3rd President of Albania
- In office 24 July 1997 – 24 July 2002
- Prime Minister: Fatos Nano Pandeli Majko Ilir Meta Pandeli Majko
- Preceded by: Sali Berisha
- Succeeded by: Alfred Moisiu

Personal details
- Born: Rexhep Qemal Meidani 17 August 1944 (age 81) Tirana, German Occupied Albania (modern Albania)
- Party: Socialist Party
- Spouse: Lidra Karagjozi
- Children: 2 (Adea, Denion)
- Profession: Physicist

= Rexhep Meidani =

President of Albania from 1997 to 2002

Rexhep Qemal Meidani (born 17 August 1944) is an Albanian physicist, professor, diplomat and politician. Meidani was the president of Albania from 1997 to 2002, and the second to be elected after the first multi-party elections in 1991.

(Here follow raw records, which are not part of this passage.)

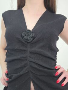 Kolor czarny to ponadczasowa klasyka, która pasuje do wielu stylizacji i sezonów. Dodatkowo ozdobny kwiat oraz marszczenie sprawiają, że bluzka wyróżnia się subtelną elegancją.
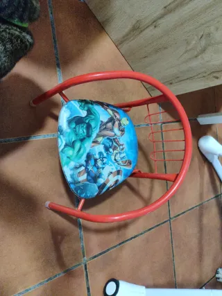 Silla infantil con diseño de Los Vengadores. Ideal para los más pequeños. - Estructura de metal roja. - Asiento con estampado de superhéroes.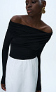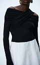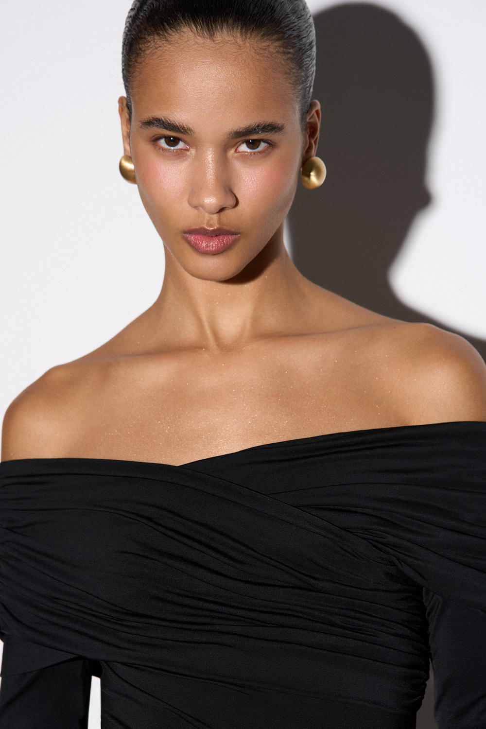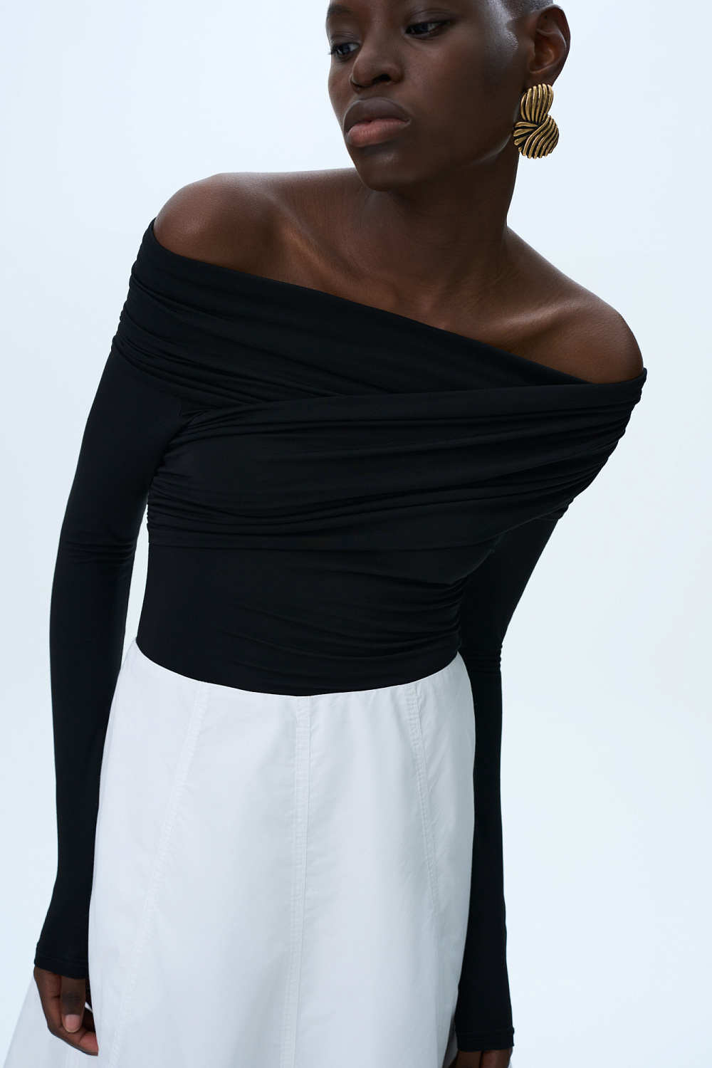 Bodysuit made of soft and silky fabric with draped bodice. Fitted silhouette, long sleeves.

== Education and work in academia ==
Meidani earned a degree in physics from the Faculty of Natural Sciences at the University of Tirana in 1966. He completed postgraduate studies at the University of Caen in France in 1974. He also holds PhDs from the University of Paris XI and the University of Tirana.

From 1966 to 1996, Meidani held various roles at the University of Tirana, including professor, department chair, and later, dean of the Faculty of Natural Sciences. During this period, he authored numerous studies, books, and articles, both within and outside of Albania. Alongside Eqrem Cabej and Nelson Cabej, he is recognized as one of the prominent academics in the country.

== Political career ==
Meidani's political career began in the 1990s. He assumed the role of the chair of the Central Election Commission during the inaugural multiparty elections in 1991 and was a member of the Presidential Council in the same year. From 1992 to 1996, he actively participated in civil society, serving as the chair of the Board of the Albanian Center of Human Rights from 1994 to 1996. Joining the Socialist Party in 1996, Meidani was elected its Secretary General from 1996 to 1997.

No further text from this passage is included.